Set each record down exactly, excluding all images.

## Task inputs
::::::::
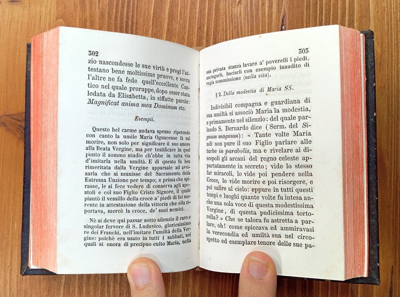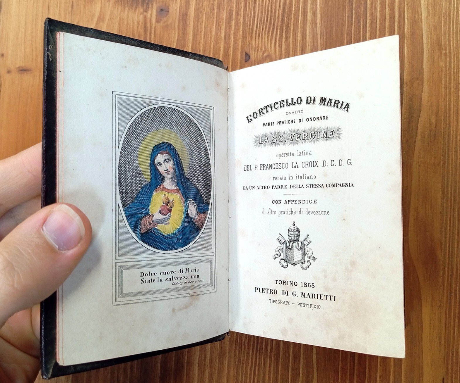 "Operetta latina del P. Francesco La Croix recata in italiano da un altro padre della stessa compagnia, con appendice di altre pratiche di devozione". Prima e unica edizione italiana - Volume rilegato in piena pelle con titoli, cornici e sigla in oro al piatto e al dorso, tagli dipinti in arancione, 511 pagine impreziosite da una stampina a colori in antiporta ed altre in nero all'interno. Esemplare in ottimo stato di conservazione, paginazione candida e compatta, legature ben salde. Fascinoso e raro volumetto devozionale ottocentesco incentrato sul culto mariano, con numerosi esercizi di riverenza e meditazione.
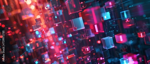 © Mickael, Obraz premium Futuristic technology abstract background with lines and cubes, big data, data center, server, internet, speed. Fantastic wallpaper abstract neon lights into digital technology. Generative ai
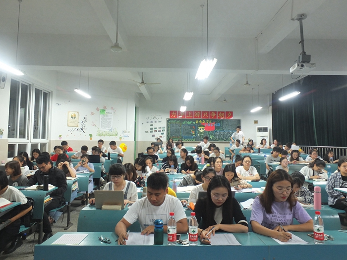 本网讯(文摄/汪婷)书写风华正茂,展示青春风采。作为政教专业的学子,很多同学未来会走上三尺讲台,为提高员工粉笔字书写水平,增强师范生专业技能。5月28日晚七点半,公司2017级思想政治教育专业员工在2020204教室成功举行师范生粉笔字考核活动。考核特邀研究生张瑜、齐旭旺和刘梦巧担任评委。
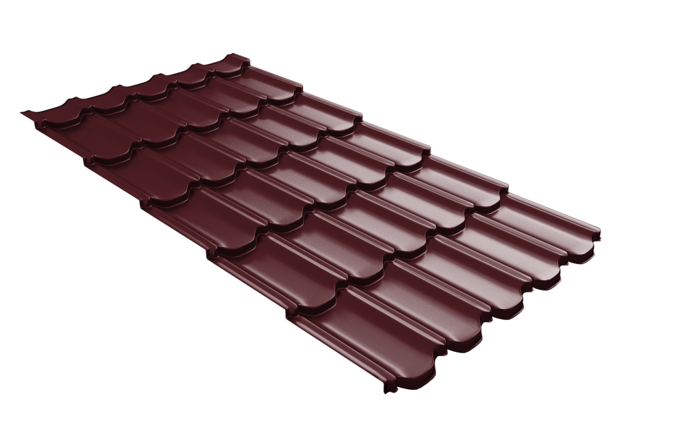 Металлочерепица Квинта плюс3D (Kvinta plus3D) 0,5 Satin Matt TX RAL 3005 красное вино
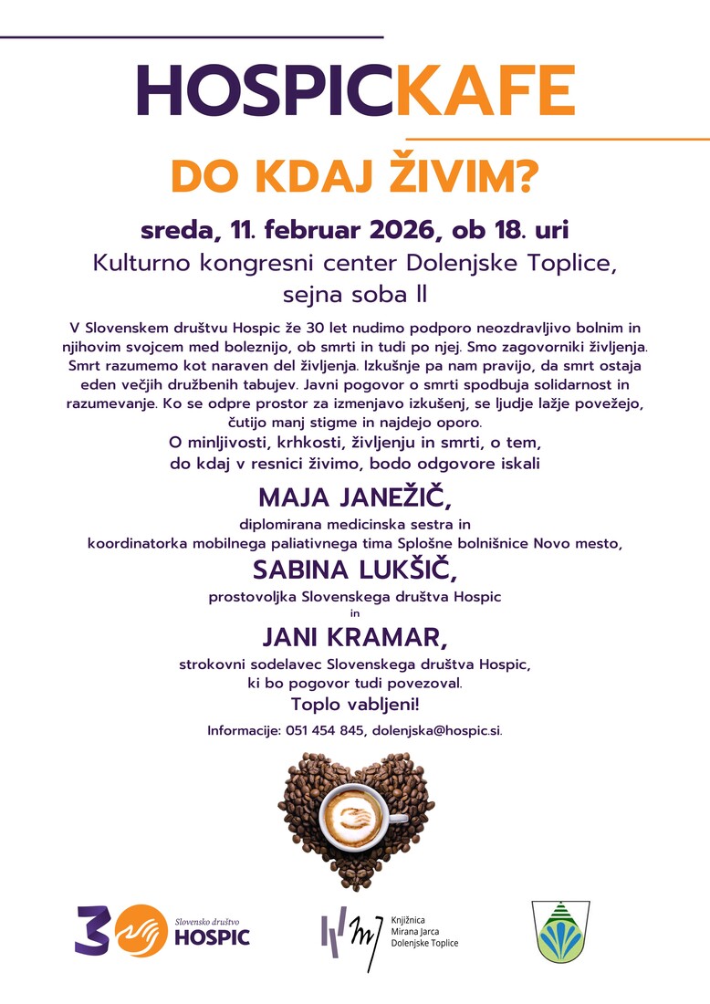 Slovensko društvo Hospic, krajevna knjižnica Dolenjske Toplice in Občina Dolenjske Toplice vabijo na Hospickafe – odprt in spoštljiv pogovor o življenju, minljivosti in smrti.
::::::::
## Answer section
 "Operetta latina del P. Francesco La Croix recata in italiano da un altro padre della stessa compagnia, con appendice di altre pratiche di devozione". Prima e unica edizione italiana - Volume rilegato in piena pelle con titoli, cornici e sigla in oro al piatto e al dorso, tagli dipinti in arancione, 511 pagine impreziosite da una stampina a colori in antiporta ed altre in nero all'interno. Esemplare in ottimo stato di conservazione, paginazione candida e compatta, legature ben salde. Fascinoso e raro volumetto devozionale ottocentesco incentrato sul culto mariano, con numerosi esercizi di riverenza e meditazione.
 © Mickael, Obraz premium Futuristic technology abstract background with lines and cubes, big data, data center, server, internet, speed. Fantastic wallpaper abstract neon lights into digital technology. Generative ai
 本网讯(文摄/汪婷)书写风华正茂,展示青春风采。作为政教专业的学子,很多同学未来会走上三尺讲台,为提高员工粉笔字书写水平,增强师范生专业技能。5月28日晚七点半,公司2017级思想政治教育专业员工在2020204教室成功举行师范生粉笔字考核活动。考核特邀研究生张瑜、齐旭旺和刘梦巧担任评委。
 Металлочерепица Квинта плюс3D (Kvinta plus3D) 0,5 Satin Matt TX RAL 3005 красное вино
 Slovensko društvo Hospic, krajevna knjižnica Dolenjske Toplice in Občina Dolenjske Toplice vabijo na Hospickafe – odprt in spoštljiv pogovor o življenju, minljivosti in smrti.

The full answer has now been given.